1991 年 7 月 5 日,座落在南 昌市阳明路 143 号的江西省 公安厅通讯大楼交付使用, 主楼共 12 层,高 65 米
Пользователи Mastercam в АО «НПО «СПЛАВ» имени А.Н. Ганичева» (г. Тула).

--

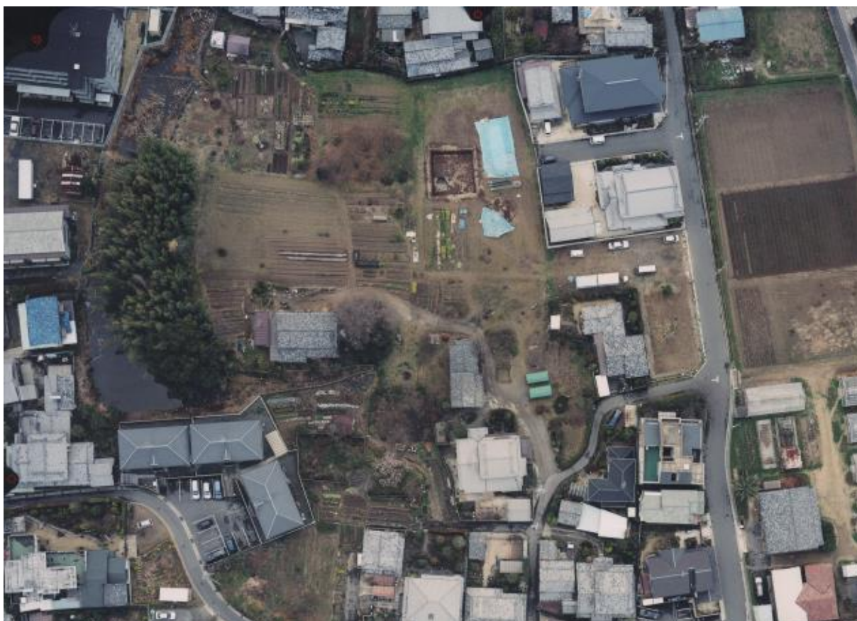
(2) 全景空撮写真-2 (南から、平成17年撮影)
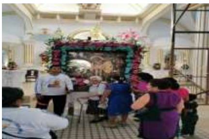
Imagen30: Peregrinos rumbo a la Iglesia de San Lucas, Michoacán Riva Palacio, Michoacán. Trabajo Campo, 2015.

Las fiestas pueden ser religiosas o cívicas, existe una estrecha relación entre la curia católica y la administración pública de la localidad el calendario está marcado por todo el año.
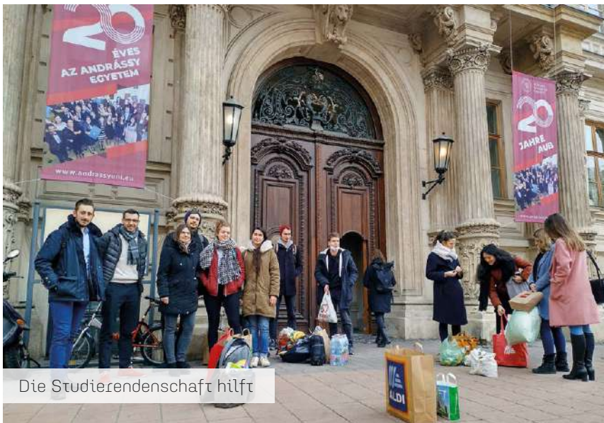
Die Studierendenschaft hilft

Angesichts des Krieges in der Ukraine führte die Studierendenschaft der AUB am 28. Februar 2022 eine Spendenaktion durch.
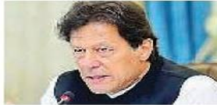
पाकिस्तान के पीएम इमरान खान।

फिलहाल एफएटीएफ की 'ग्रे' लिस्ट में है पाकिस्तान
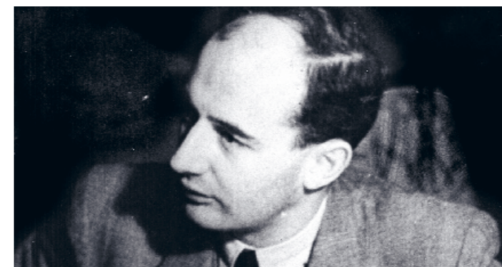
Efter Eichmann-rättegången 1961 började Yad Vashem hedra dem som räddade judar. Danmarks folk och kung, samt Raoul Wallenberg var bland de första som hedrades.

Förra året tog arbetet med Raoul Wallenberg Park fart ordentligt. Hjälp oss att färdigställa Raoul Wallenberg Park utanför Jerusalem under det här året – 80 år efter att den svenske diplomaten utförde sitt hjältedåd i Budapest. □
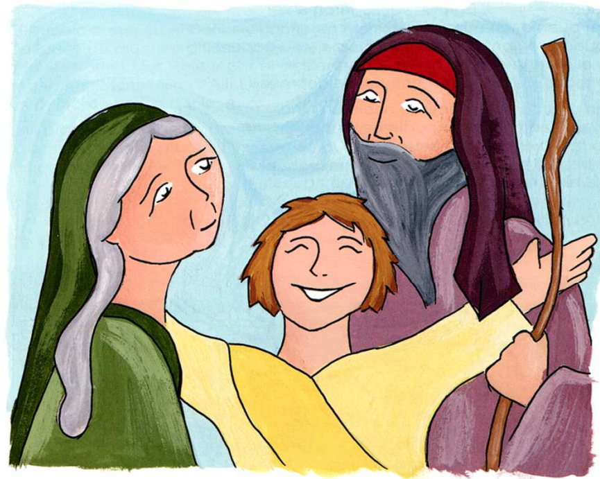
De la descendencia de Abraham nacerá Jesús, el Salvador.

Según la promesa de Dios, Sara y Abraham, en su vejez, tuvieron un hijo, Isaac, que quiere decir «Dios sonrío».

[ASSIGNMENT]: Above are the records. Copy only the lines from the one with "Imagen30: Peregrinos rumbo" through the one with "फिलहाल एफएटीएफ की", exactly, with no pictures.

[RESULT OF THE EXERCISE]:
Imagen30: Peregrinos rumbo a la Iglesia de San Lucas, Michoacán Riva Palacio, Michoacán. Trabajo Campo, 2015.

Las fiestas pueden ser religiosas o cívicas, existe una estrecha relación entre la curia católica y la administración pública de la localidad el calendario está marcado por todo el año.
Die Studierendenschaft hilft

Angesichts des Krieges in der Ukraine führte die Studierendenschaft der AUB am 28. Februar 2022 eine Spendenaktion durch.
पाकिस्तान के पीएम इमरान खान।

फिलहाल एफएटीएफ की 'ग्रे' लिस्ट में है पाकिस्तान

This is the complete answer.